Добавить в цитаты Настройки чтения

Страница 1 из 5

Аверинцев С.С.

Золото в системе символов ранневизантийской культуры

То эстетическое сознание, которое начало свою жизнь в эпоху Ренессанса и окончательно сформировалось к XIX веку, не слишком высоко ставит работу с драгоценными материалами. Оно не разрешает живописцу иметь на своей палитре разведенное золото, а скульптору — вставлять своим статуям глаза из самоцветов, как в свое время поступали греческие мастера. С золотом и благородными камнями имеет дело только ремесленник или полуремесленник особой квалификации, которого называют ювелиром и разве что в порядке снисходительного преувеличения причисляют к художникам. И эта дистанция между «художественной промышленностью» и собственно искусством в течение веков неуклонно возрастала. Дюрер еще мог делать эскизы для ювелиров, и эта его деятельность не представляет собой решительно ничего инородного сравнительно с внутренним складом живописи и графики этого сына золотых дел мастера, для Рембрандта это было бы невозможно. Бенвенуто Челлини — не совсем полноправный, но все же собрат Микеланджело, духовная дистанция между мастерами перламутровых табакерок и Ватто уже существенно определеннее, но что сказать о ювелирах, обслуживавших европейского буржуа в героические времена Сезанна и Родена? Это уже никак не «меньшие братья» современных им художников, но существа, принадлежащие совсем другому миру, другому порядку вещей. Дело здесь не просто в том, что деградировал ювелир, но прежде всегов том, что изменил свою сущность художник, что искусство

вышло из наивно-служебных отношений к жизненному феномену праздника (будь то культовый, «карнавальный», придворный или бюргерский праздник).
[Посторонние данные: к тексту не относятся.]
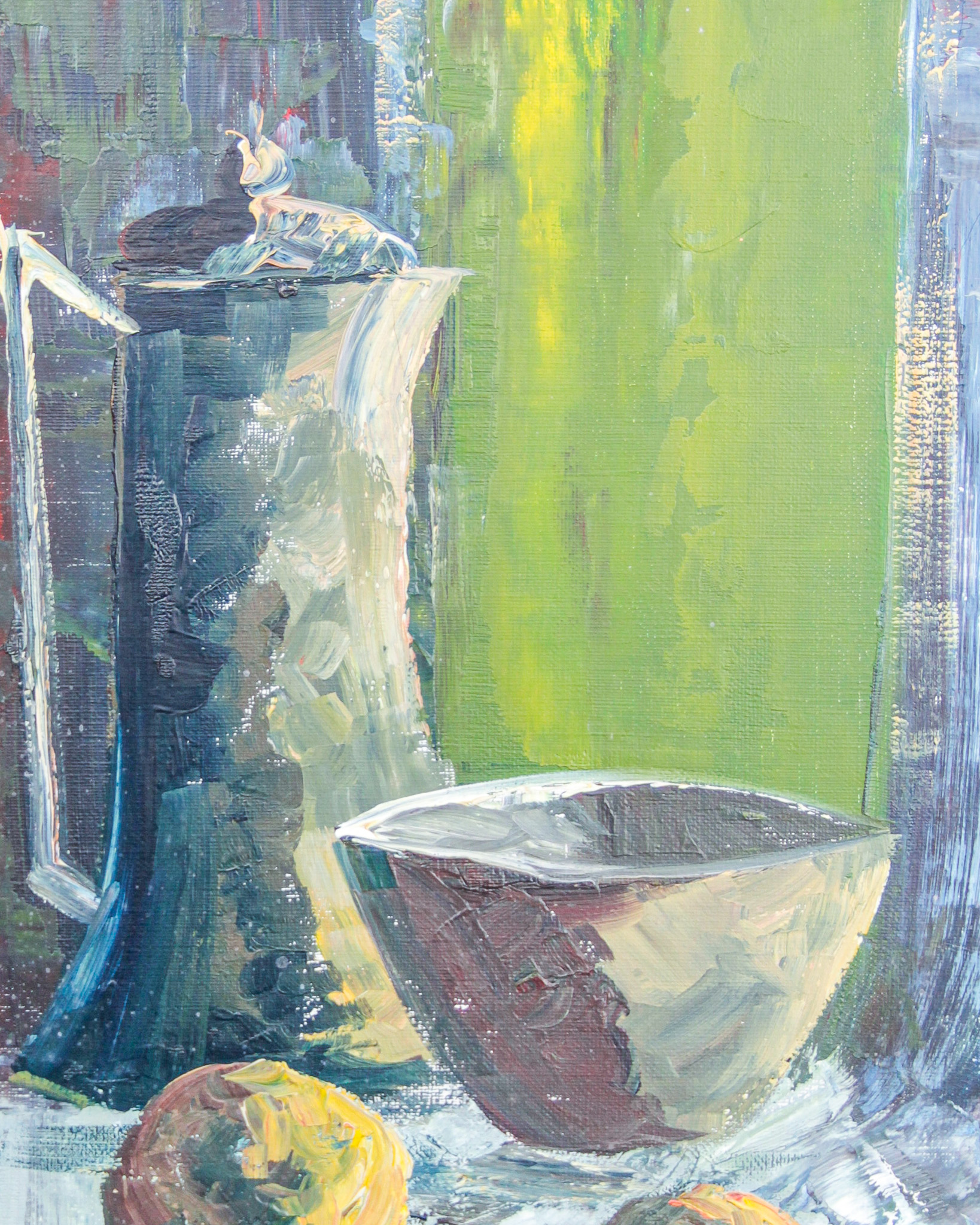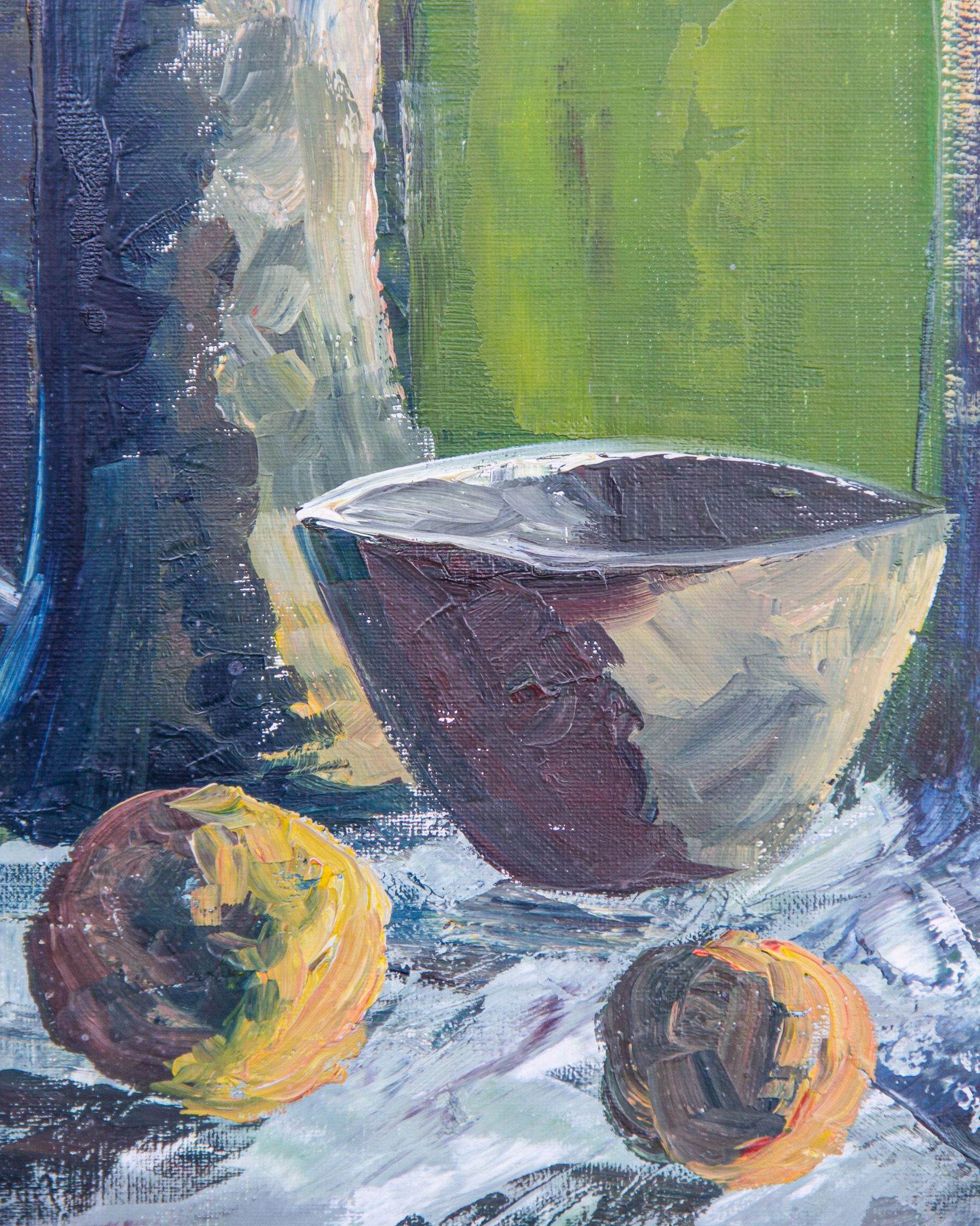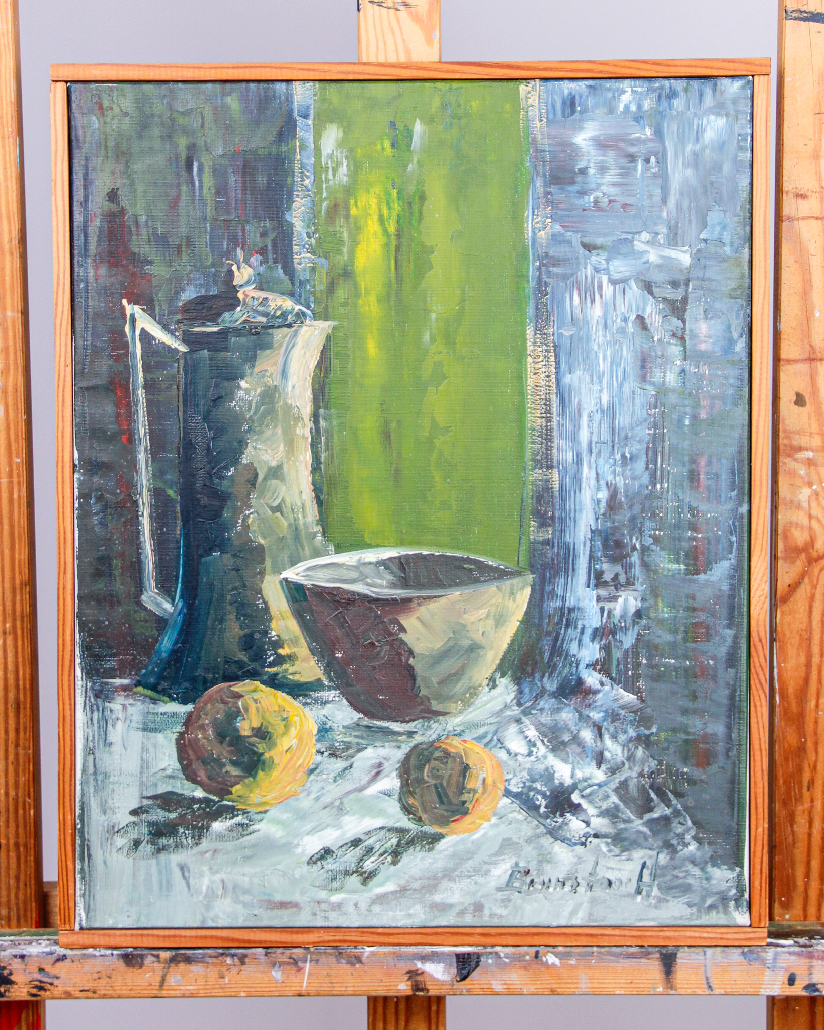 Olja på duk, stilleben, oidentifierad konstnär, signerad

Реставраторские усилия романтики и ее поздних отголосков — вплоть до У. Морриса, мечтавшего о мусорщике-эстете в златотканой одежде, до английских «прерафаэлитов» и немецкого «югендштиля» — пропали втуне: живописца и ваятеля не удалось вернуть в средневековый цех и принудить побрататься с золотых дел мастером. Коренные эстетические аксиомы Нового времени воспрещают принимать до конца всерьез такое художественное изделие, в облик которого входит слишком вещественный, навязчиво-роскошный, чувственно-гипнотизирующий блеск золота и драгоценных камней. Изделие это может быть «искусным», «стильным», «изящным»; каким оно не может быть, так это «значительным»; оно ничего не «значит». К нему приложима категория «изящного»,в лучшем случае «прекрасного», но только не категория «возвышенного». Ему не дано вместить в себя духовную проблематику в сколько-нибудь ответственном смысле этих слов.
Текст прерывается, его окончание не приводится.